The single cell compartment score is determined by average CpG density of interacting bins with each bin, adopted from Tan, Xing et al. 2018. In general neither the raw data nor the imputed data captures the signiture of super long range interactions effectively. Thus we would suggest to call single-cell compartment with Higashi for better results. To generate CpG density across the genome at certain bin size, use

bedtools nuc -fi ${genome_fasta_file} -bed ${genome_bin_bed_file} -pattern CG -C > ${cpg_file}

To compute CpG compartment score and strength for a given cell, use

hicluster comp-cpg-cell --indir ${impute_dir}/ --outdir ${impute_dir}/ --cell ${cell_id} --chrom ${chromosome} --mode ${impute_mode} --cpg_file ${cpg_file}

Note that impute_mode could be 'raw', so that the raw matrix before imputation is used.

Citation

Zhou, J., Ma, J., Chen, Y., Cheng, C., Bao, B., Peng, J., ... & Ecker, J. R. (2019). Robust single-cell Hi-C clustering by convolution-and random-walk–based imputation.

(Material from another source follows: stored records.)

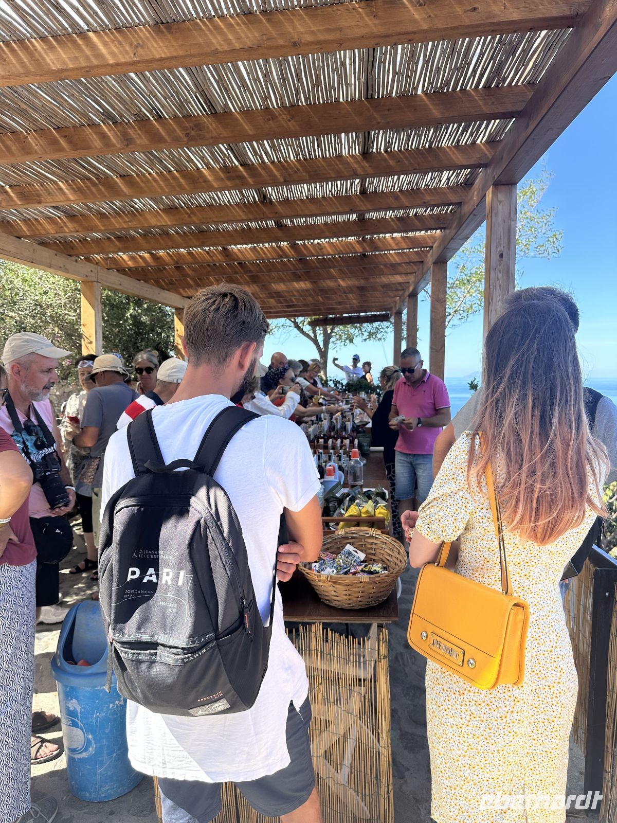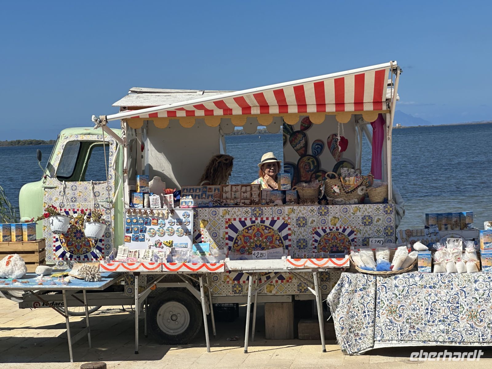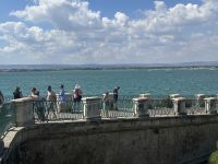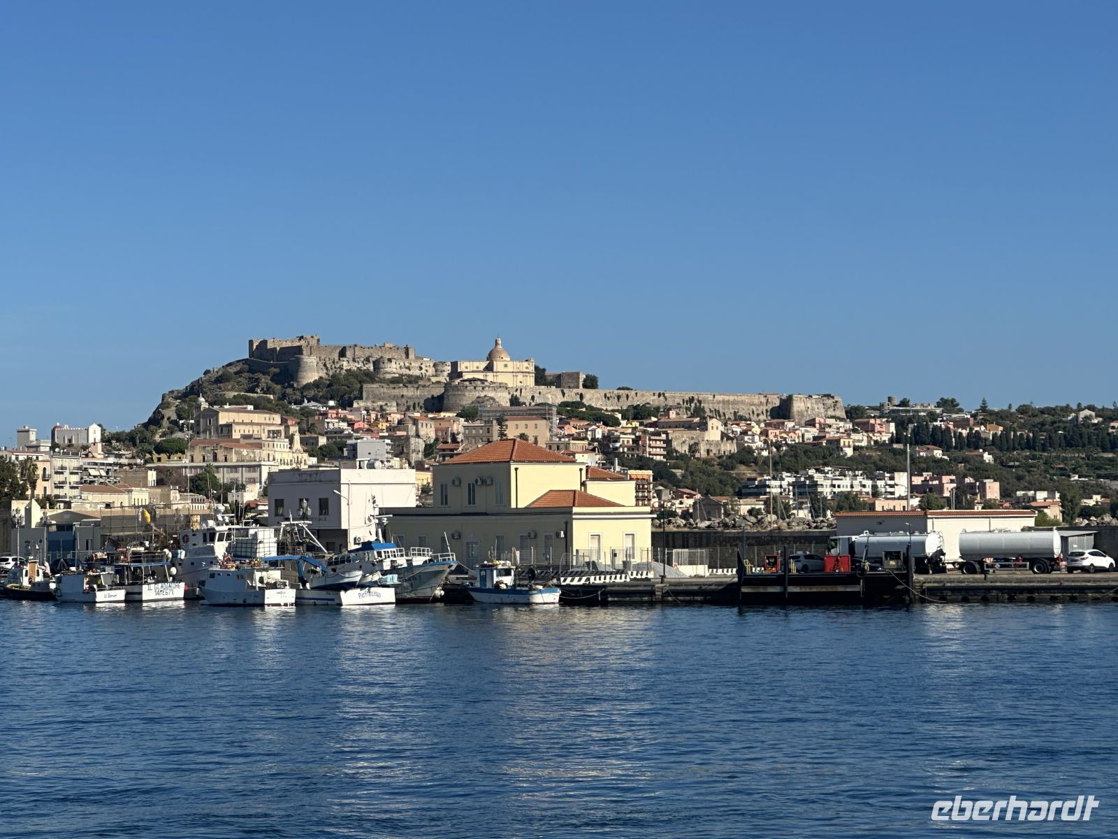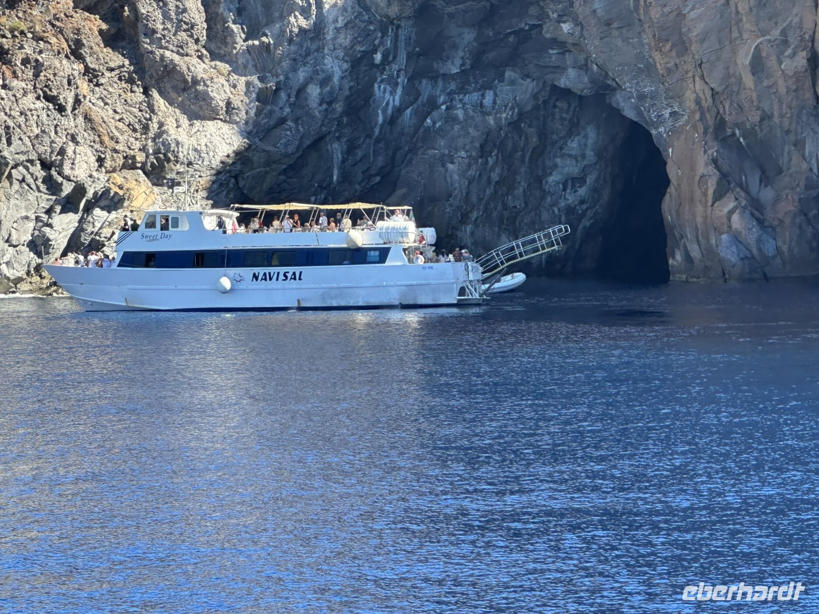 Das Meer ruft, heute erobern wir per Schiff die liparischen Inseln. Zuerst fahren wir mit dem Schiff an einer normannischen Festung am Hafen von Milazzo vorbei. Wir fahren zunächst an der Insel Vulcano vorbei und sehen immer wieder Spalten, aus denen Vulkangase entweichen. Die Schifffahrt dort ungefähr 1 Stunde, wir lassen uns den Wind um die Ohren wehen.Unser erster Halt ist auf der Insel Lipari. Dort erwartet uns ein Kleinbus, welcher uns rund um die Insel mit einem Fotostopp fährt. Wir genießen beeindruckende Aussichten und bewundern Flora und Fauna der Insel. Vom höchsten Aussichtspunkt der Insel haben wir eine weite Sicht auf andere Inseln. Wir erfahren, dass hier viele Filme gedreht wurden . Hier können wir Kapern probieren und kaufen.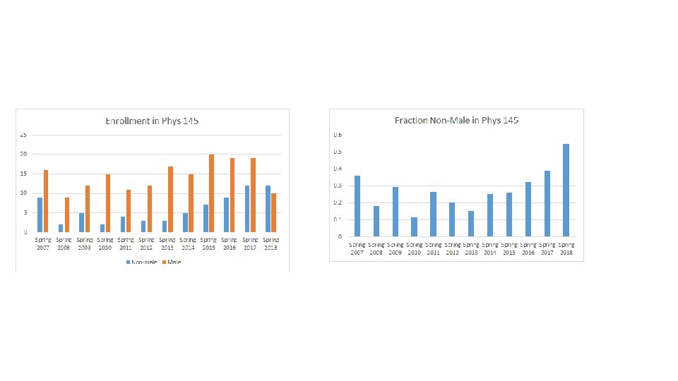 Experiments in Support of Diversity • Over the past few years, we have tried a set of strategies to recruit and retain a more diverse set of students • We wish to present a sample of these strategies as a set of experiments that (may) have dramatically altered our current student body • These strategies include: • Inclusive Pedagogy: Active Learning and Blended Classrooms • High-Impact Practices: Low- or no-barrier engagement opportunities • Department Climate and Culture: co-curricular conversations and initiatives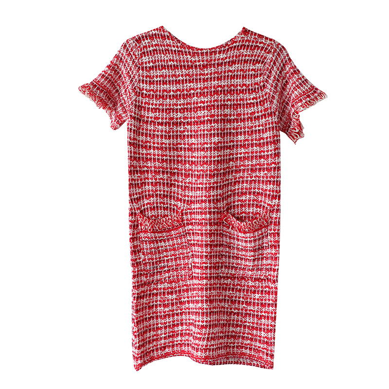 / 裙子女夏2018新款名媛氣質紅色針織慵懶風中長款格子連衣裙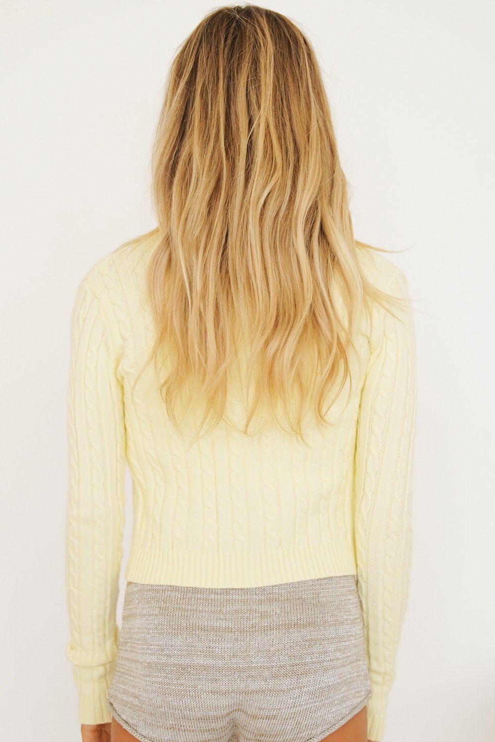 For slow mornings, coffee in bed & treats from the bakery. Our New Manta Knit Top features centre front buttons & a cable knit design. Wear with your fave vintage denim for a femme & chic feel! Also available in Sky. Please note top worn underneath is not included.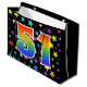 Dieses aufregende, lustige und lebendige Geschenktütendesign besticht durch zahlreiche farbenprächtige Sternenformen und die Zahl "51" mit einem farbenfrohen Regenbogen-inspirierten Farbverlaufsmuster auf schwarzem Hintergrund. Eine Geschenktasche wie diese kann eine lustige, glückliche Art sein, Geschenke zu verpacken oder Geschenke zu geben für jemanden zum 51. Geburtstag, oder vielleicht für ein Paar zum 50. ersten Hochzeitstag, oder ein anderes 51. Ereignis. [~Z0000347]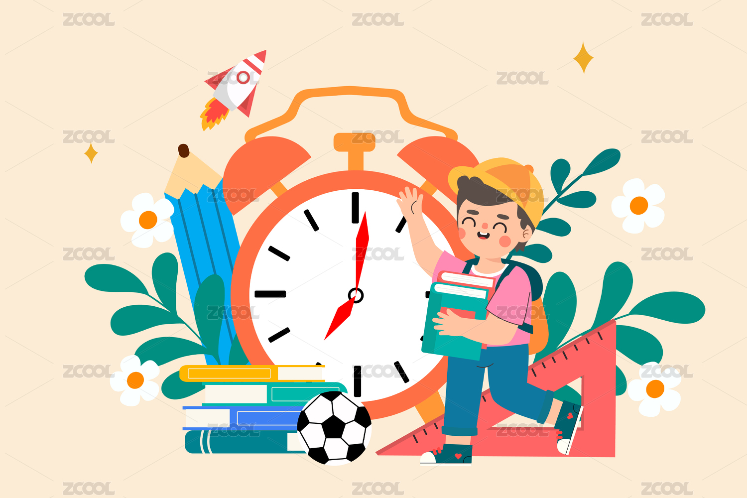 小学生把握时间好好学习矢量插画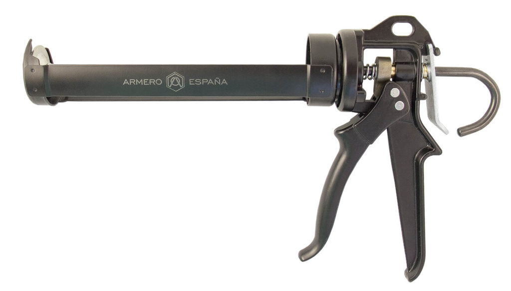 Ovaj uređaj je na drugom mjestu na ljestvici. Drži cilindre do 310 ml. Proizvod ima skeletnu strukturu. Okidač i ručka izrađeni su od aluminija. Opremljeni su posebnim izrezima. To pomaže u sprječavanju klizanja ruku tijekom rada. Na stražnjoj strani proizvoda nalazi se uređaj za smanjenje tlaka. Tu je i podešavanje dubine ulaska klipa. Prijenosni omjer mehanizma koji potiskuje stabljiku je 18/1.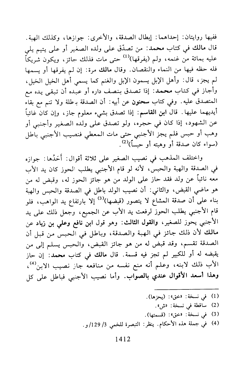 واختلف المذهب في نصيب الصغير على ثلاثة أقوال: أحدها: جوازه في الصدقة والهبة والحبس، لأنه لو قام الأجنبي يطلب الحوز كان يد الأب معه نائبًا عن ولده فقد حاز على الولد من هو جائز الحوز له، وقبض له من هو ماضي القبض، والثاني: أن نصيب الولد باطل في الصدقة والحبس والهبة بناء على أن صدقة المشاع لا يتصور (قبضها) إلا بارتفاع يد الواهب، فلو قام الأجنبي يطلب الحوز لرفعت يد الأب عن الجميع، وجعل ذلك على يد الأجنبي يحوز للصغير، والقول الثالث: وهو قول ابن نافع وعلي بن زياد عن مالك لأن ذلك جائز في الهبة والصدقة، وباطل في الحبس من قبل أن الصدقة تقسم، وقد قبض له من هو جائز القبض، والحبس يسلم إلى من يقبضه له أو للكبير لم تجز فيه قسمة. قال مالك في كتاب محمد: إن حاز الأب ذلك لابنه، وعلم أنه منع نفسه من منافعه جاز نصيب الابن، وهذا أسعد الأقوال عندي بالصواب، وأما نصيب الأجنبي فباطل على كل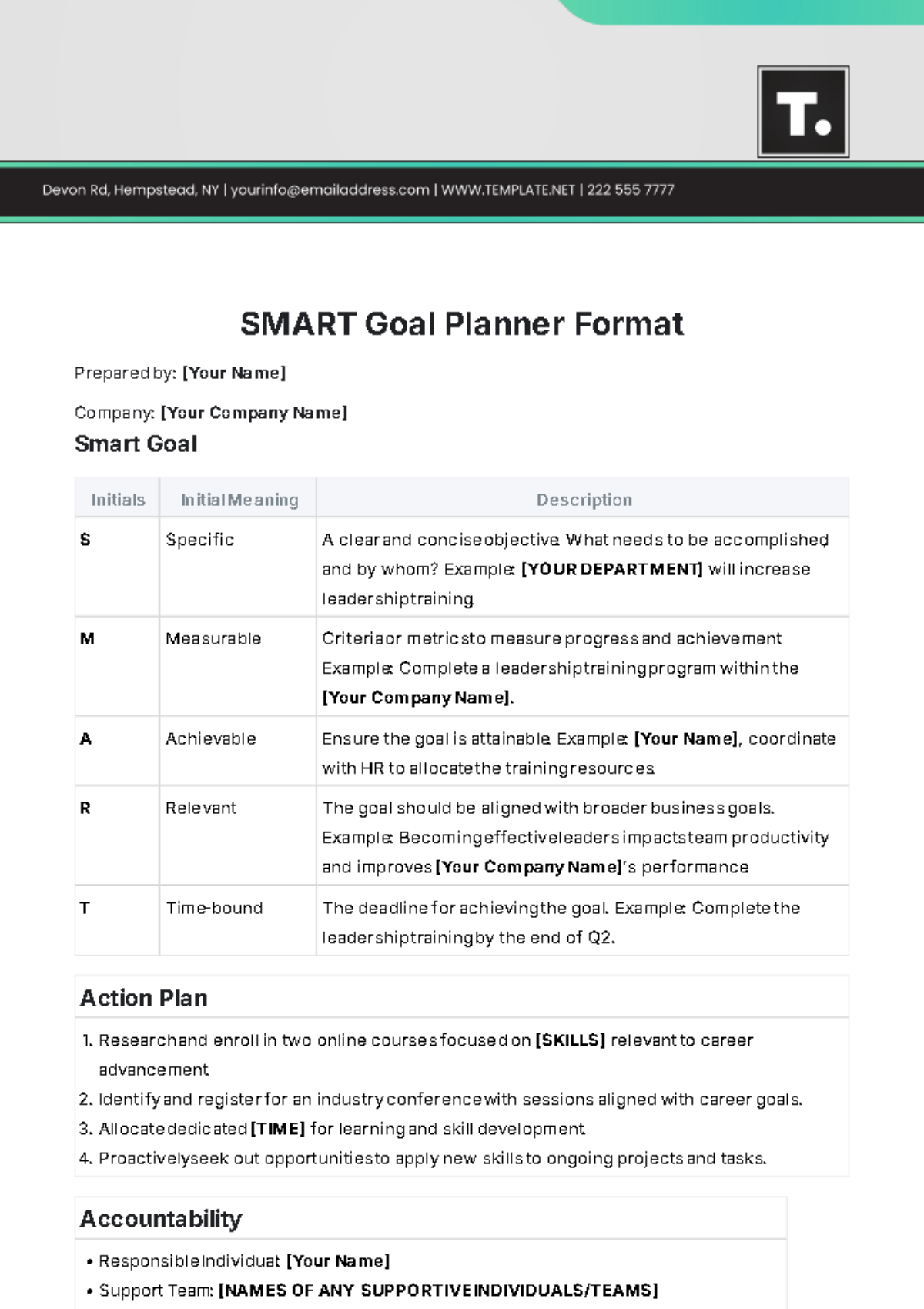A smart goal planning template is a tool that helps you set specific, measurable, achievable, relevant, and time-bound goals. By following this template, you can ensure that your goals are well-defined and actionable. Here is a simple template that you can use to plan your goals:

Proceedings of the National Academy of Sciences, 116(28), 14011-14018.

Loop calling

Yu, M., Abnousi, A., Zhang, Y., Li, G., Lee, L., Chen, Z., ... & Hu, M. (2020). SnapHiC: a computational pipeline to map chromatin contacts from single cell Hi-C data. bioRxiv.

Domain calling

Shin, H., Shi, Y., Dai, C., Tjong, H., Gong, K., Alber, F., & Zhou, X. J. (2016). TopDom: an efficient and deterministic method for identifying topological domains in genomes. Nucleic acids research, 44(7), e70-e70.

snm3C-seq data

Lee, D. S., Luo, C., Zhou, J., Chandran, S., Rivkin, A., Bartlett, A., ... & Ecker, J. R. (2019). Simultaneous profiling of 3D genome structure and DNA methylation in single human cells. Nature methods, 16(10), 999-1006.

Liu, H., Zhou, J., Tian, W., Luo, C., Bartlett, A., Aldridge, A., ... & Ecker, J. R. (2020). DNA methylation atlas of the mouse brain at single-cell resolution. bioRxiv.